"Mom, I need." I am on the receiving end of this phrase typically uttered by my trio of offspring, and it always costs me more than I bargained for. However, as my two oldest children move toward adulthood and my youngest teenagerdom, I'm snipping the financial umbilical cord and making my sprogs pay their own way … sort of.
They Get Allowance
Allowance in our house might not look like allowance in most homes. Allowances here come based on performance. Each one of my children takes ownership of a designated room in the house (in addition to her bedroom). Each day, she is responsible to clean and manage her domain to my standards. If that girl does an outstanding job, she earns $40 a week. If, however, she does a shoddy job, money is deducted from her allowance. The girls earn between $0 and $40 on any given week, based solely on performance.
And allowances are non-discretionary in nature; allowances are "mad money" used for recreation, dining out, sodas, snacks or whatever baubles catch my children's fancy. And this mad money keeps my ears free from, "Mom I need/want/desire/must have said trinket/bauble/ticket/item of impulse."
They Have Jobs
My older daughters secured summer jobs at a local tourist spot, earning a standard wage plus tips. Everything my sprogs earn from work goes to savings so that they can pay off their college tuition -- their choice, not mine.

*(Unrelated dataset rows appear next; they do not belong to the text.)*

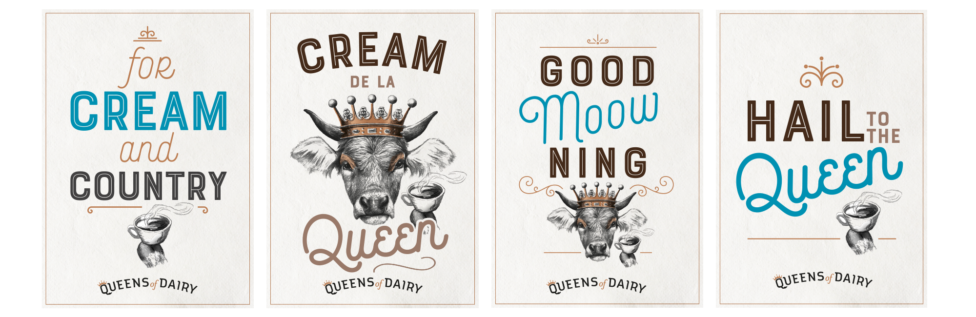 “Met de ontwikkeling van het merk Queens of Dairy heeft Guts & Glorious haar naam helemaal waargemaakt. Ze hadden het lef om met één designvoorstel te komen en kregen vervolgens alle glorie! Niet eerder heb ik meegemaakt dat naam, identity en packaging zo in-één-keer raak waren. Queens of Dairy is een eerbetoon aan de koninginnen van de zuivel en een krachtig merkplatform voor onze specialty zuivellijn."Paula van de Kamp, Olivier Prakken
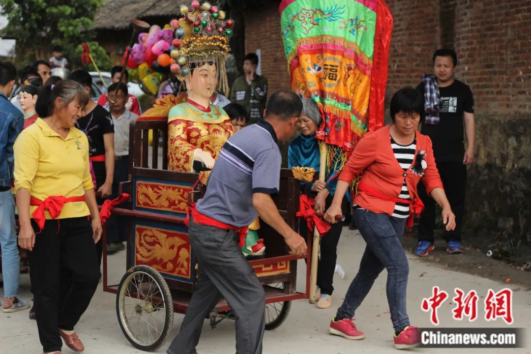 冼夫人(神像)在信眾的簇?fù)硐卵惨暠就?,為這里的人們帶來(lái)心靈的慰藉。蘇崢 攝
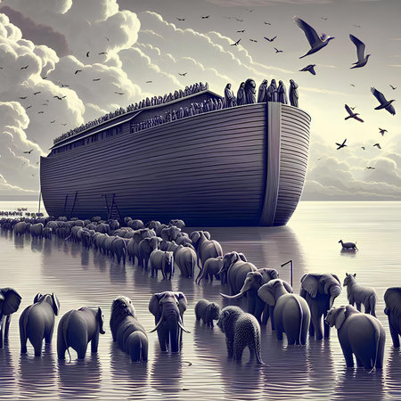 Noah's Ark, animals in the storm, bad weather, rain, sea, boat flood mountain, biblical history. bird dove religion story spirituality holy. old man with a beard
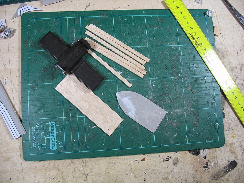 In questo caso io ho ritagliato i listelli da una tavoletta utilizzando un "balsa-stripper". Questo attrezzo permette di ritagliare lungo vena dei listelli sempre della stessa larghezza. Io preferisco usare questo sistema perché in questo modo posso fabbricarmi i listelli alla larghezza che voglio, a seconda della bisogna, ma comunque, in sostituzione potete anche acquistare i listelli già pronti alla larghezza desiderata.
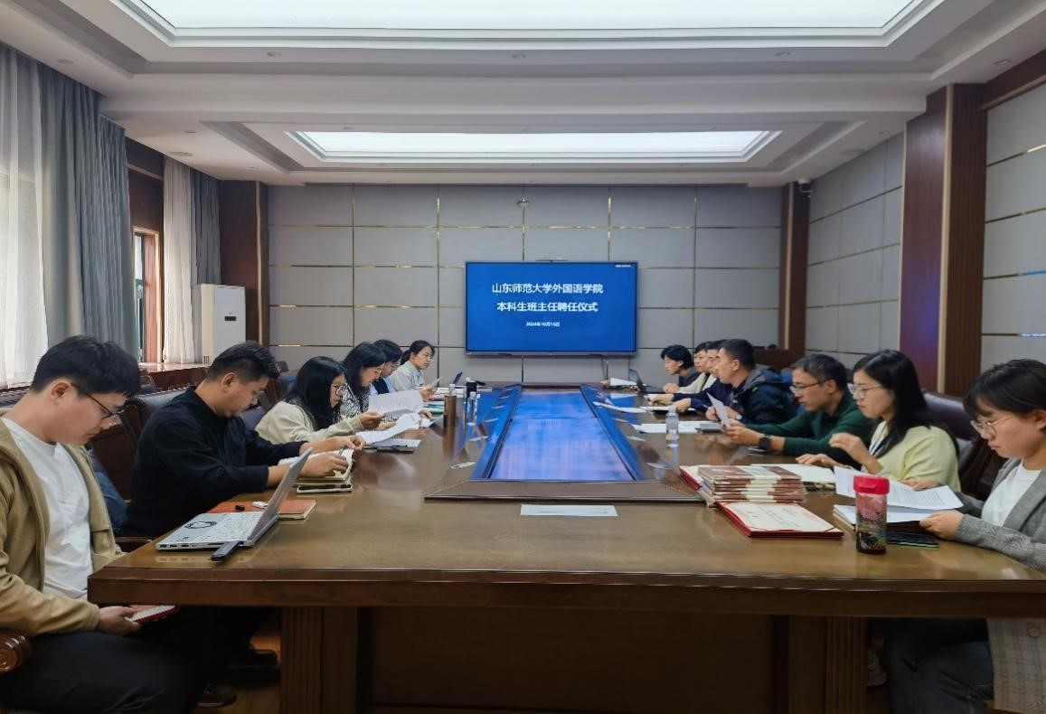 2024年10月16日下午,外国语学院本科生班主任聘任仪式在文渊楼A区313会议室召开。外国语学院党委书记岳希亮、党委副书记陶业涛、新聘班主任、相关辅导员参加会议。党委副书记陶业涛主持聘任仪式。

However, my youngest didn't want to be without a summer activity/job. With her allowance money, I helped her buy an ad in the local community newspaper, to promote herself as a dog walker. She has already picked up five dogs to walk each day and is earning $35 a day, or $175 per week (for an hour of work.) The more dogs she adds to her roster, the more money she can make. For her, this is an exercise in just downright awesomeness.
Making Them Pay
As my twins go off to college, they opted to stay at home and save money. To help them do this, I'm not charging them rent, but I have made it clear that they are responsible for their own gas, insurance and incidentals. The same will hold true for my youngest once she reaches that age, but for now, mommy doesn't mind lending a hand -- or a dollar or five.
Raising kids today is difficult, but I believe it is even more difficult if they aren't prepared to pay their own way, more strenuous should they not understand the importance of a dollar and even more complex if they don't value earning money for themselves, as opposed to letting mom and dad handle it all. It is because of this that I make my teenagers pay their own way -- at least a little.
How do you deal with money and your kids?